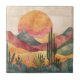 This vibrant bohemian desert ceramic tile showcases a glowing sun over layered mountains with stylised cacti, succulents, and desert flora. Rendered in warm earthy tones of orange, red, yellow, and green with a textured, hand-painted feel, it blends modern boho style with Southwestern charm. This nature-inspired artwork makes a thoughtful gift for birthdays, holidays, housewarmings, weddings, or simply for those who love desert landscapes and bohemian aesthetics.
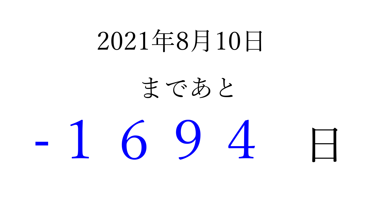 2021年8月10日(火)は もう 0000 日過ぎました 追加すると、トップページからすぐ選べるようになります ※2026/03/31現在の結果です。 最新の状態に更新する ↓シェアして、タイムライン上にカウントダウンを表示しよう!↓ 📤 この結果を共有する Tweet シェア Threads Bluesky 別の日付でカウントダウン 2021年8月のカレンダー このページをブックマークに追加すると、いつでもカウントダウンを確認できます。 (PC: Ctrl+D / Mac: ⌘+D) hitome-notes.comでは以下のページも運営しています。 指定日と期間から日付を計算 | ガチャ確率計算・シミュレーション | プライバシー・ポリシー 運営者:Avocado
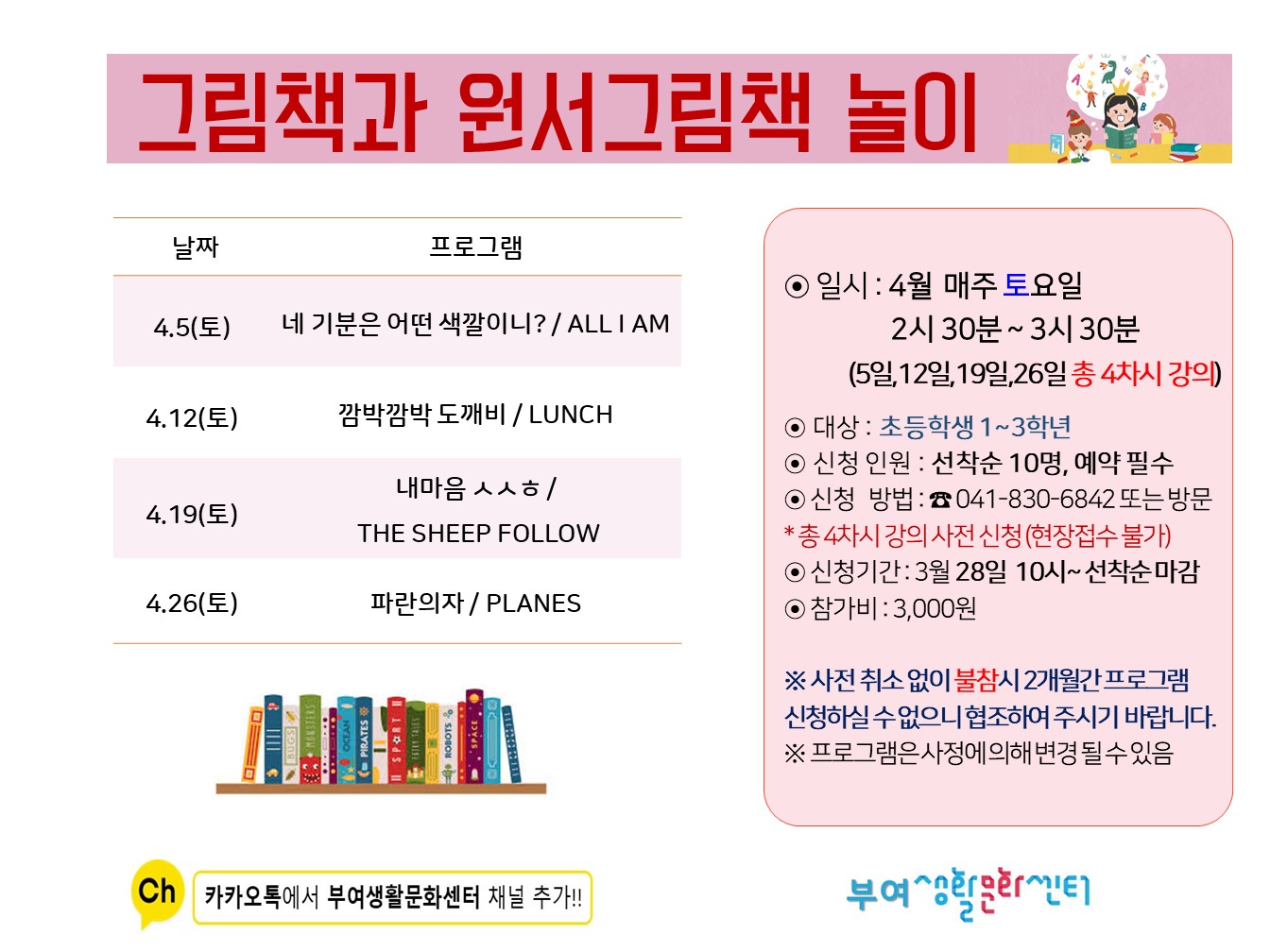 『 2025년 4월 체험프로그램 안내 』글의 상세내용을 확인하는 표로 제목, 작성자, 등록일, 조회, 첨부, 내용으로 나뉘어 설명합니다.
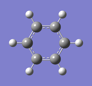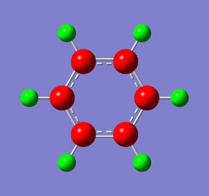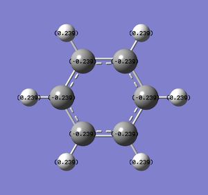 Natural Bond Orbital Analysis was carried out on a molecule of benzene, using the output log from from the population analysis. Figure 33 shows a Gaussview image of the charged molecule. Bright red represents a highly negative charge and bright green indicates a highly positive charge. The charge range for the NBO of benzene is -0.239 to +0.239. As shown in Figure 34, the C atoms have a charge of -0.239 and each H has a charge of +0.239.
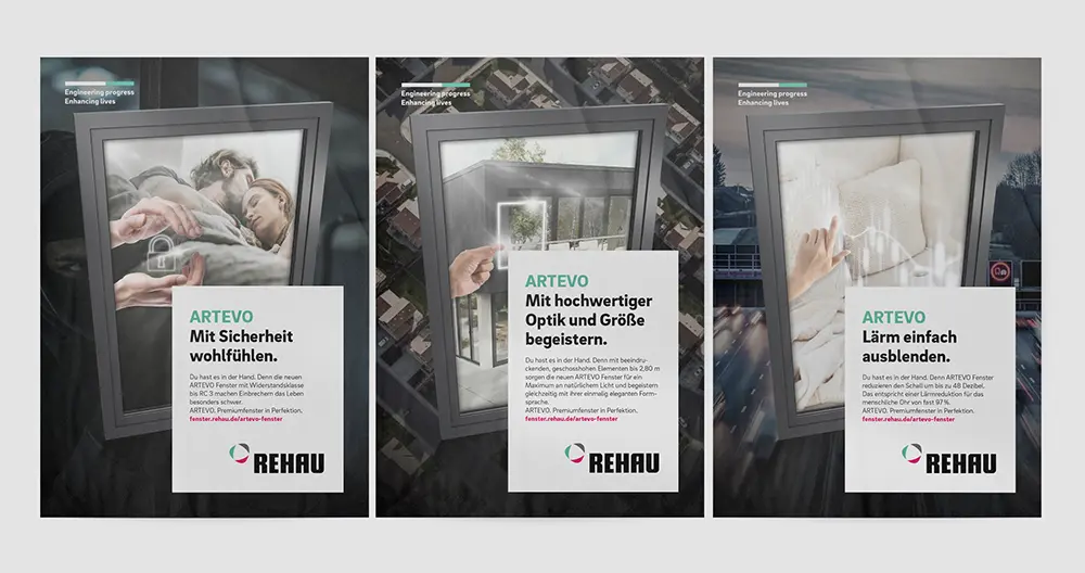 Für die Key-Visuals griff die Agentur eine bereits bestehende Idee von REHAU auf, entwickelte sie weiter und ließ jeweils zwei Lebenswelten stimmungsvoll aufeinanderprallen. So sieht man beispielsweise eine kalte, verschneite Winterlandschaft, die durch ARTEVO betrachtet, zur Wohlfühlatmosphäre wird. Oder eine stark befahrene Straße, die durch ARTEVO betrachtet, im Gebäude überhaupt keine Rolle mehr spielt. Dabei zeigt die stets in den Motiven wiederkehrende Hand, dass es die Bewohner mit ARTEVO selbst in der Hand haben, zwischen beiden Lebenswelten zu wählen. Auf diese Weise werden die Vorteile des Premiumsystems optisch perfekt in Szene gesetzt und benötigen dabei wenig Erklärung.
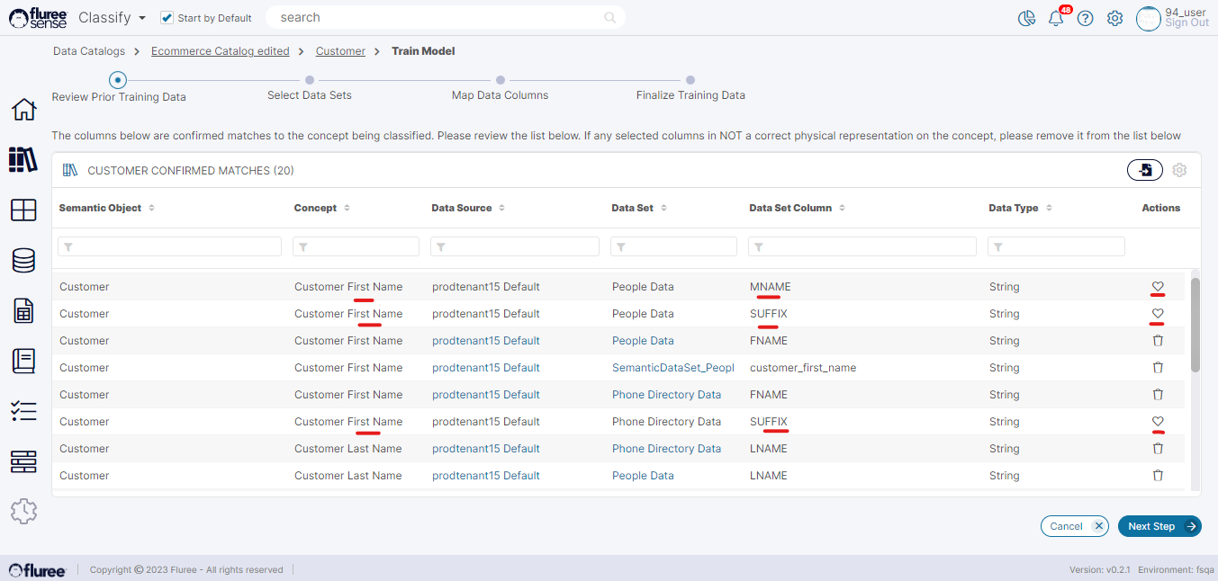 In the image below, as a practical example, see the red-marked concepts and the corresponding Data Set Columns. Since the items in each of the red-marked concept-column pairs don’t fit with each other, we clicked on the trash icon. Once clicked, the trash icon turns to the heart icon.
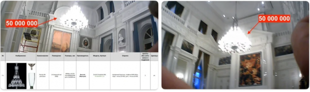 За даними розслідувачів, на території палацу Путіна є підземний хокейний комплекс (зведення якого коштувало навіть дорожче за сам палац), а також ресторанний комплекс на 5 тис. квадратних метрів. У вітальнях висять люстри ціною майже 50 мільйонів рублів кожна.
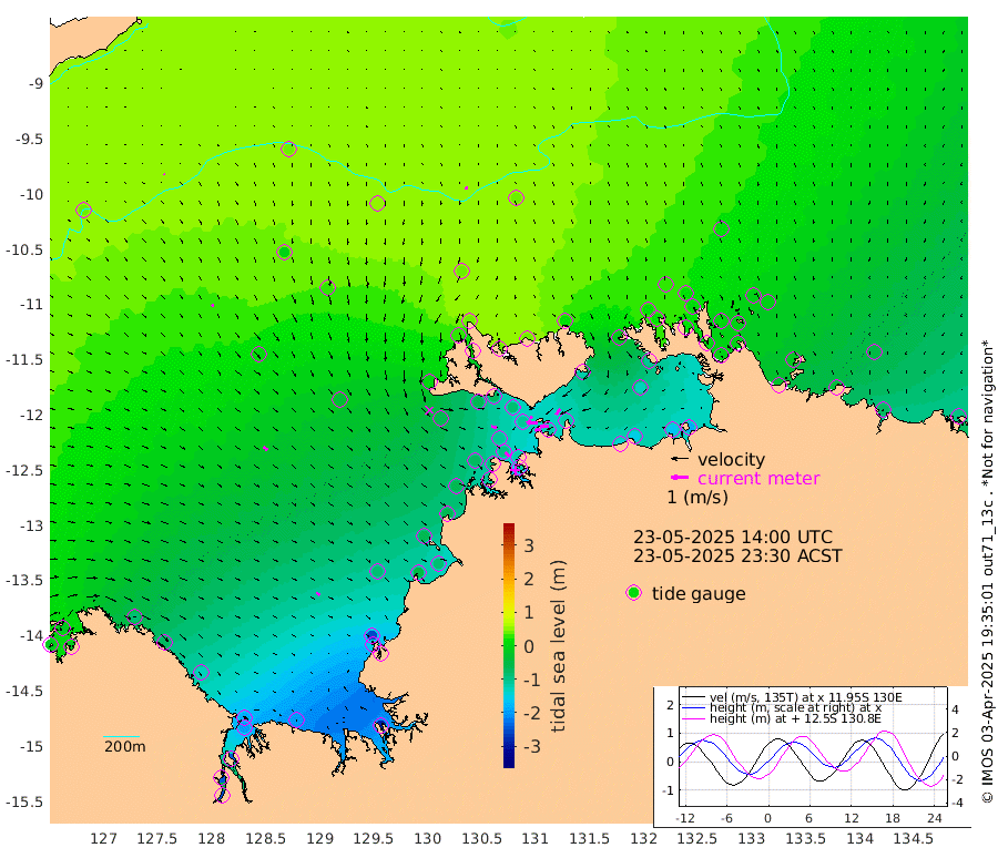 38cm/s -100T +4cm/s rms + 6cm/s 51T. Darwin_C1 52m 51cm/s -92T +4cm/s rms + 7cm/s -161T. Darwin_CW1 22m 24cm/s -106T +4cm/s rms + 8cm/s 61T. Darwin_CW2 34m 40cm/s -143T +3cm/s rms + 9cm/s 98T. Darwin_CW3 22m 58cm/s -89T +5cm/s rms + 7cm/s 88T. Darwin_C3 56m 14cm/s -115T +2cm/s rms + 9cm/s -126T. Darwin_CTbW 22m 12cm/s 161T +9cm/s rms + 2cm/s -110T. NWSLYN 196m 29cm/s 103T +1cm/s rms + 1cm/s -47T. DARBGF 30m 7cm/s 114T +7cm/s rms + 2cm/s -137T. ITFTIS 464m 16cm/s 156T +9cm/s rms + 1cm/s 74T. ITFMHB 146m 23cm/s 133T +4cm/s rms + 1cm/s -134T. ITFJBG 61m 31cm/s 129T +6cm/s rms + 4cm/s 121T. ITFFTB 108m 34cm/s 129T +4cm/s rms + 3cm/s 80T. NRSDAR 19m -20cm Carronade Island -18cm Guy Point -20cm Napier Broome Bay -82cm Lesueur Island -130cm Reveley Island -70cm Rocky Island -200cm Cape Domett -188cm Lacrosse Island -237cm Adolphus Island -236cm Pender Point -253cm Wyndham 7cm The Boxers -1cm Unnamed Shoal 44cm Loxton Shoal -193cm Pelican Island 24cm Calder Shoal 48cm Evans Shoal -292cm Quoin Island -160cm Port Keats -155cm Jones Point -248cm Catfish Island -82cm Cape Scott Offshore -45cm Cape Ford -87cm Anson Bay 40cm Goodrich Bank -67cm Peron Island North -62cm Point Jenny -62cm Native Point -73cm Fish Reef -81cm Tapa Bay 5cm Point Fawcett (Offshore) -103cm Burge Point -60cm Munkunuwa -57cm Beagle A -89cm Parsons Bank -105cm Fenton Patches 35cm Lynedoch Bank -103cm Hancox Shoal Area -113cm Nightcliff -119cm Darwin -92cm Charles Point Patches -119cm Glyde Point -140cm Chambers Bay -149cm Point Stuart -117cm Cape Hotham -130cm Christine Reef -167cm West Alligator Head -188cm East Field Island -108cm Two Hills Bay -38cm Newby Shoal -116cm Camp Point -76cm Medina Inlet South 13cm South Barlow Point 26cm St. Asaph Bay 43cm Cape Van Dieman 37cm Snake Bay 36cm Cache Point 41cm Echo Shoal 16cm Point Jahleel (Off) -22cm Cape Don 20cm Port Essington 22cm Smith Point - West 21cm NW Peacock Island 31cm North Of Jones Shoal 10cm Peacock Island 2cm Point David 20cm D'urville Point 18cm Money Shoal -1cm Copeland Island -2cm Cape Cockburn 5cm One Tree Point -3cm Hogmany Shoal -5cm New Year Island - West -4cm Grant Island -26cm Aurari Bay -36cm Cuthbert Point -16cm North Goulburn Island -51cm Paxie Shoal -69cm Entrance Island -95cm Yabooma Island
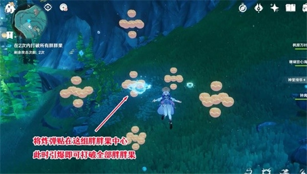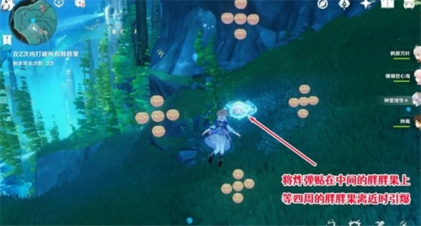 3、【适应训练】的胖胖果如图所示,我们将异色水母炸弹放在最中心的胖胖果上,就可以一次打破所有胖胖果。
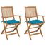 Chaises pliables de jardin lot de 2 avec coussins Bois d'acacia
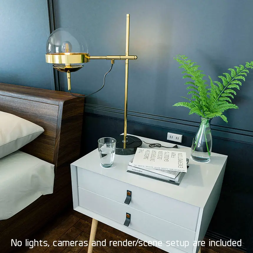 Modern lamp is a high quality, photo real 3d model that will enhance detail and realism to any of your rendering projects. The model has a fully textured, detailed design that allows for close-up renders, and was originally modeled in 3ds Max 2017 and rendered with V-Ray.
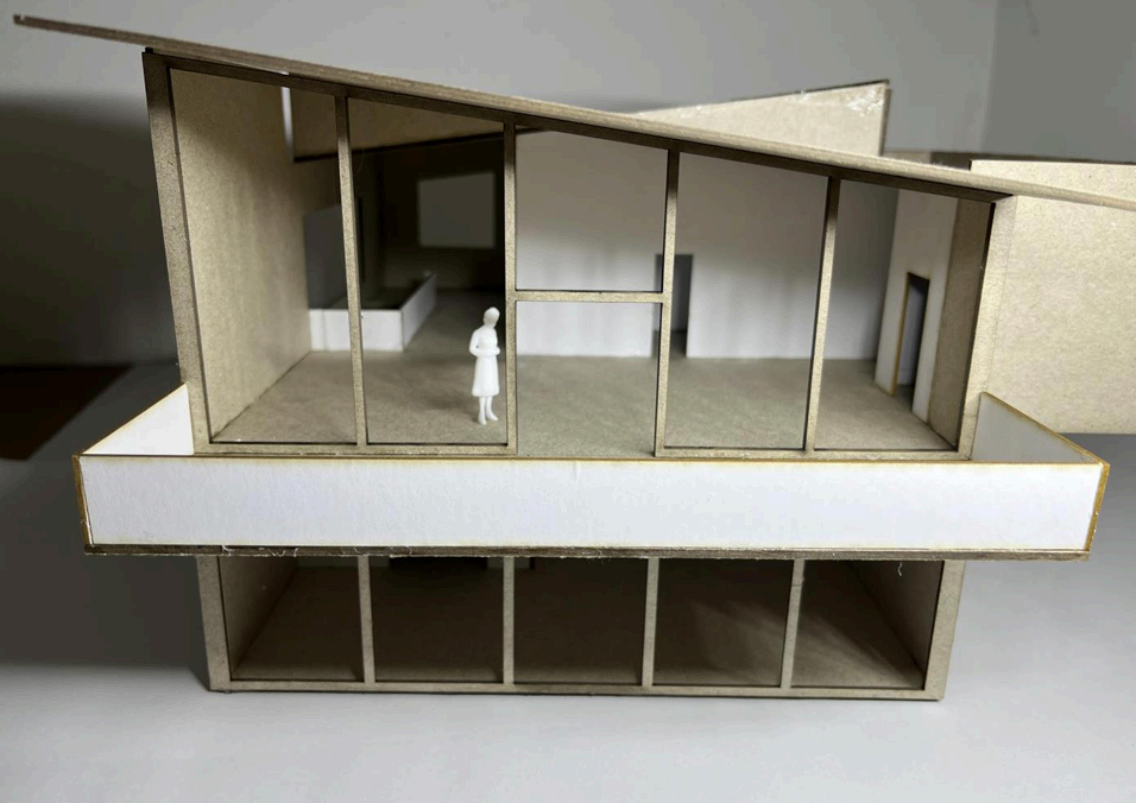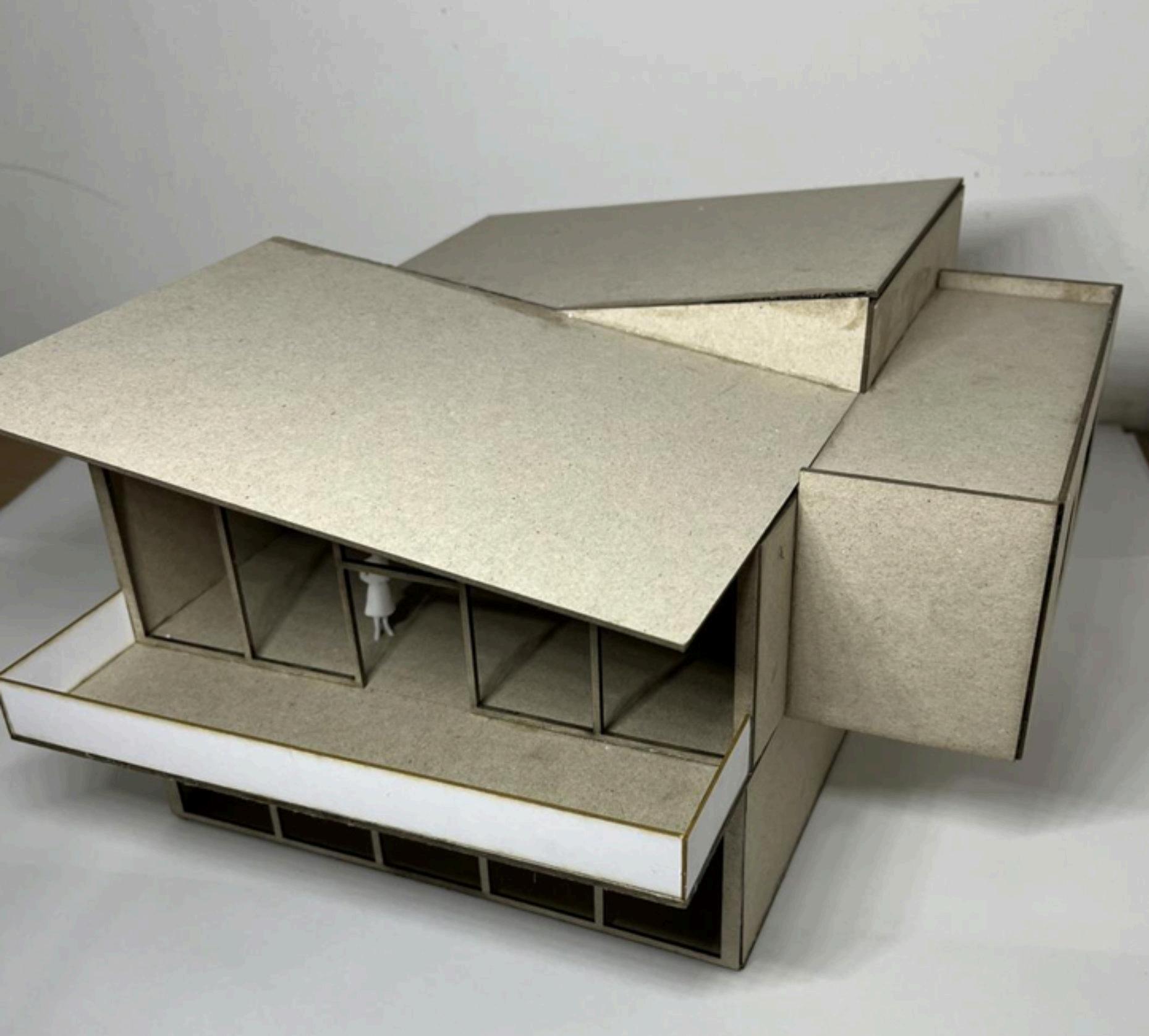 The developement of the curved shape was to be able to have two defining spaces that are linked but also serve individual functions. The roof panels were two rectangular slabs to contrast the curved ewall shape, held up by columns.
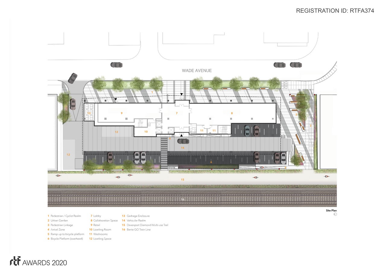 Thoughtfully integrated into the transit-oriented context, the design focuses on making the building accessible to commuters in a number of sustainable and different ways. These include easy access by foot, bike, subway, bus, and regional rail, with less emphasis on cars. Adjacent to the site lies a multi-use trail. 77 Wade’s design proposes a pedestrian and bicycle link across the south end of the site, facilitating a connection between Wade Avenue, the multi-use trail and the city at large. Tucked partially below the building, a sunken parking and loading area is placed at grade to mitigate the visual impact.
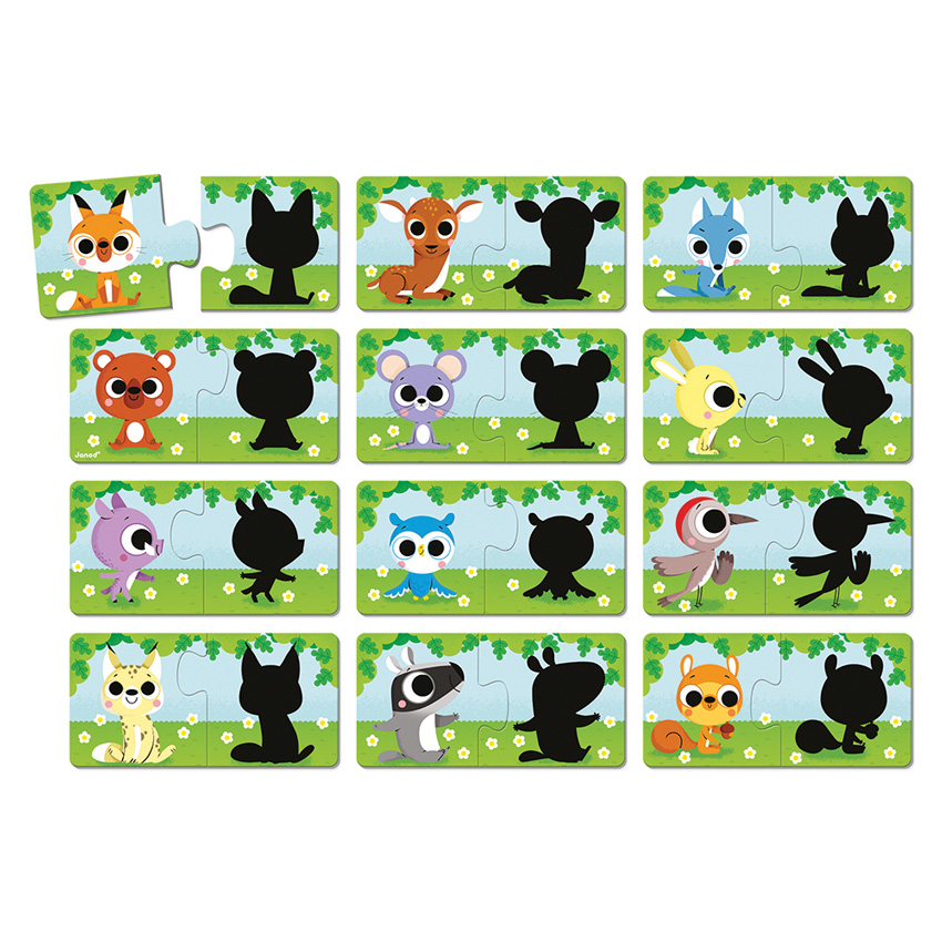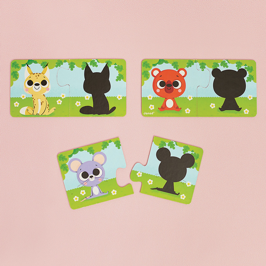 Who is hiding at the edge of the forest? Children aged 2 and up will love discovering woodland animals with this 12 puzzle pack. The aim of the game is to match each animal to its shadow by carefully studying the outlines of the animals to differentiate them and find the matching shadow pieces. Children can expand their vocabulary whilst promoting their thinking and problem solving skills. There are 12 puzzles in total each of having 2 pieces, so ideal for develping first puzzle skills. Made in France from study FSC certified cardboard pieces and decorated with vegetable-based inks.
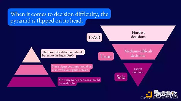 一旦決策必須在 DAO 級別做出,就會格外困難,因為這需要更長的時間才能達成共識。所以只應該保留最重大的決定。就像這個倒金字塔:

◇ ◇ ◇

• [Task brief] For this exercise, please set down exactly the lines of the listing above from the line with "3、【适应训练】的胖胖果如图" up to and including the line with "Chaises pliables de", and no pictures.

• [Response below]
 3、【适应训练】的胖胖果如图所示,我们将异色水母炸弹放在最中心的胖胖果上,就可以一次打破所有胖胖果。
 Chaises pliables de jardin lot de 2 avec coussins Bois d'acacia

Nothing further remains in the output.